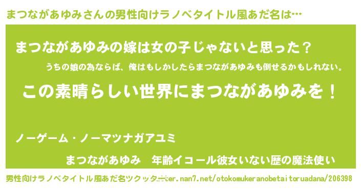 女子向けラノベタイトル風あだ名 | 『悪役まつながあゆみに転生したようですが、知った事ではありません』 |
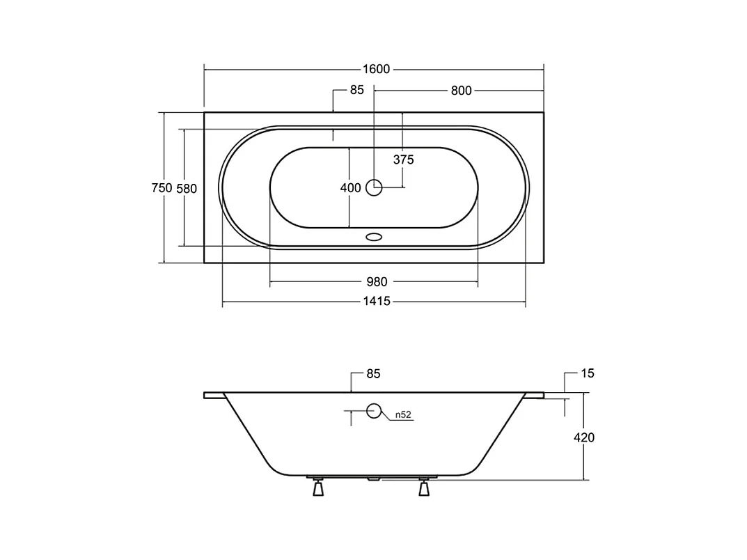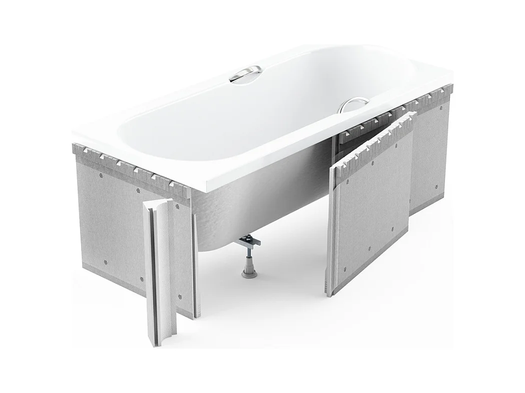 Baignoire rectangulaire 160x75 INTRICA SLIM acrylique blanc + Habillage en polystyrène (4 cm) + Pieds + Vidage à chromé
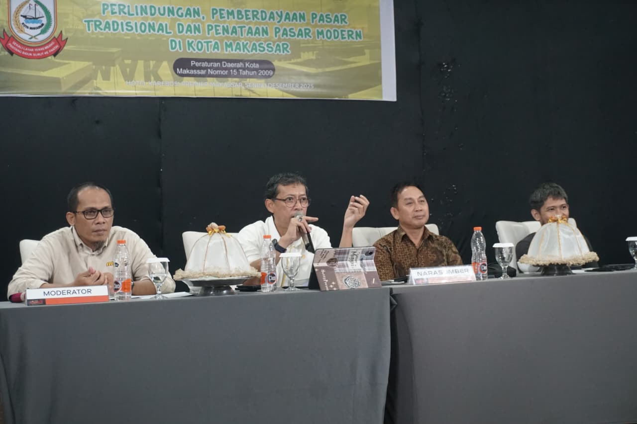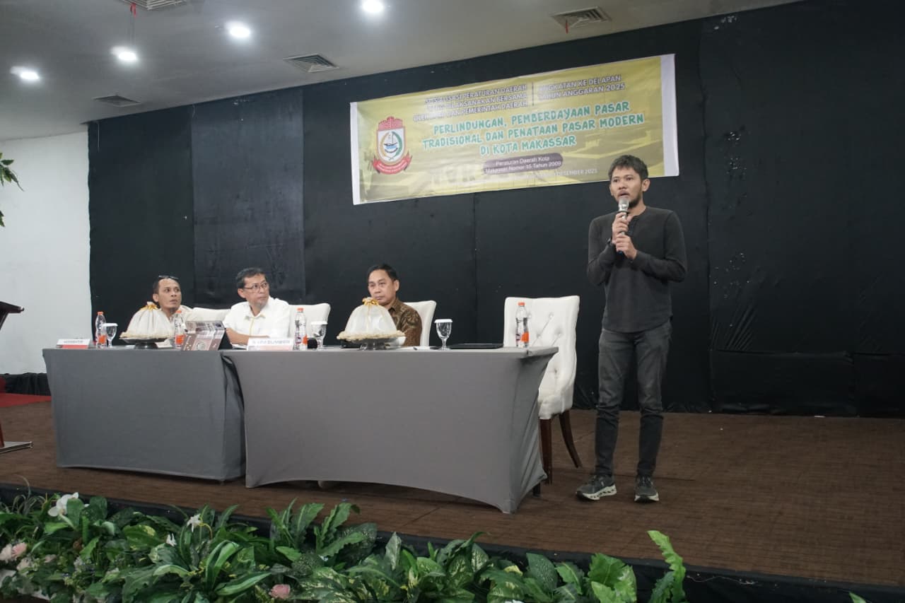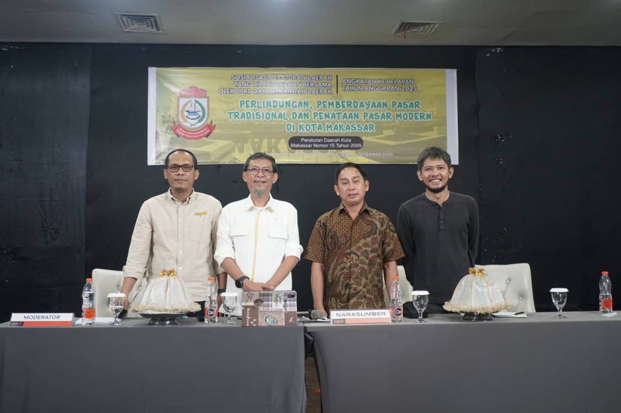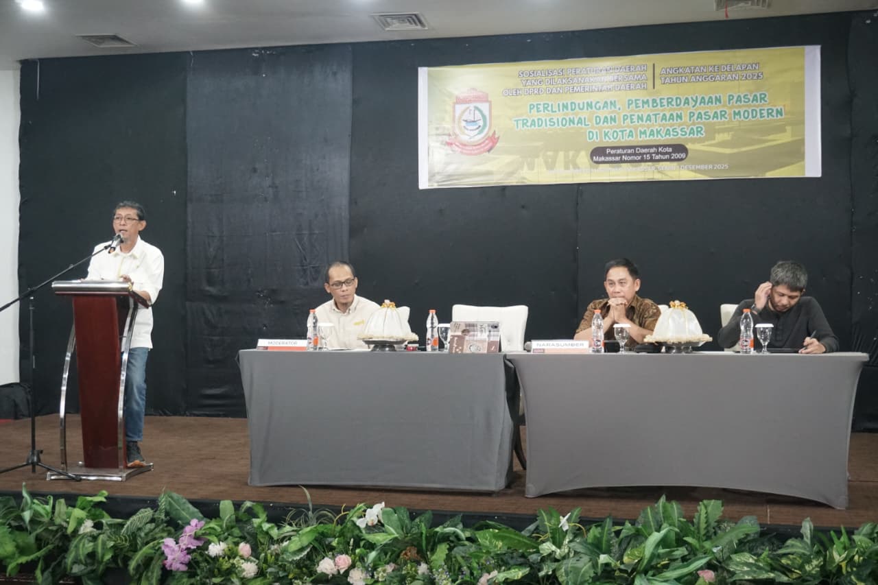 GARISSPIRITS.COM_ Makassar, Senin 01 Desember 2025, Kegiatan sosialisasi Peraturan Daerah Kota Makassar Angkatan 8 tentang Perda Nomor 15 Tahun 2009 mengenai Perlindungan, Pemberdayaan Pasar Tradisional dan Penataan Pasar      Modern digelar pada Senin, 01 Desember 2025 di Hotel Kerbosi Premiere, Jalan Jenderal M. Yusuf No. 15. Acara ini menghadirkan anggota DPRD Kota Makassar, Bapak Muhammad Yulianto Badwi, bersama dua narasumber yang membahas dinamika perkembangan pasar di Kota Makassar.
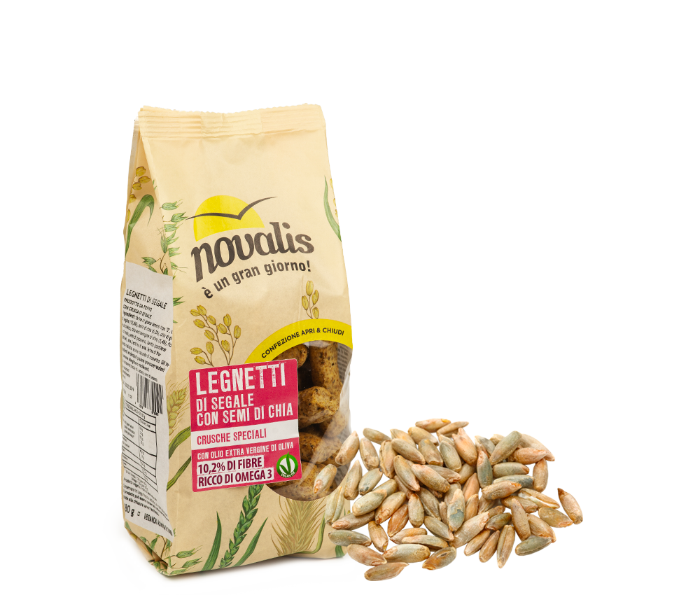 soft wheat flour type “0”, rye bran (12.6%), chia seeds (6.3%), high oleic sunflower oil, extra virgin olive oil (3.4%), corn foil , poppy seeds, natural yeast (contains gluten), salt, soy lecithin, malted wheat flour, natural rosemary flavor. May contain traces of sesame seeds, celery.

##########

Exercise goal: Skipping any images, write out all the data exactly.

Task solution:
 女子向けラノベタイトル風あだ名 | 『悪役まつながあゆみに転生したようですが、知った事ではありません』 |
 Baignoire rectangulaire 160x75 INTRICA SLIM acrylique blanc + Habillage en polystyrène (4 cm) + Pieds + Vidage à chromé
 GARISSPIRITS.COM_ Makassar, Senin 01 Desember 2025, Kegiatan sosialisasi Peraturan Daerah Kota Makassar Angkatan 8 tentang Perda Nomor 15 Tahun 2009 mengenai Perlindungan, Pemberdayaan Pasar Tradisional dan Penataan Pasar      Modern digelar pada Senin, 01 Desember 2025 di Hotel Kerbosi Premiere, Jalan Jenderal M. Yusuf No. 15. Acara ini menghadirkan anggota DPRD Kota Makassar, Bapak Muhammad Yulianto Badwi, bersama dua narasumber yang membahas dinamika perkembangan pasar di Kota Makassar.
 soft wheat flour type “0”, rye bran (12.6%), chia seeds (6.3%), high oleic sunflower oil, extra virgin olive oil (3.4%), corn foil , poppy seeds, natural yeast (contains gluten), salt, soy lecithin, malted wheat flour, natural rosemary flavor. May contain traces of sesame seeds, celery.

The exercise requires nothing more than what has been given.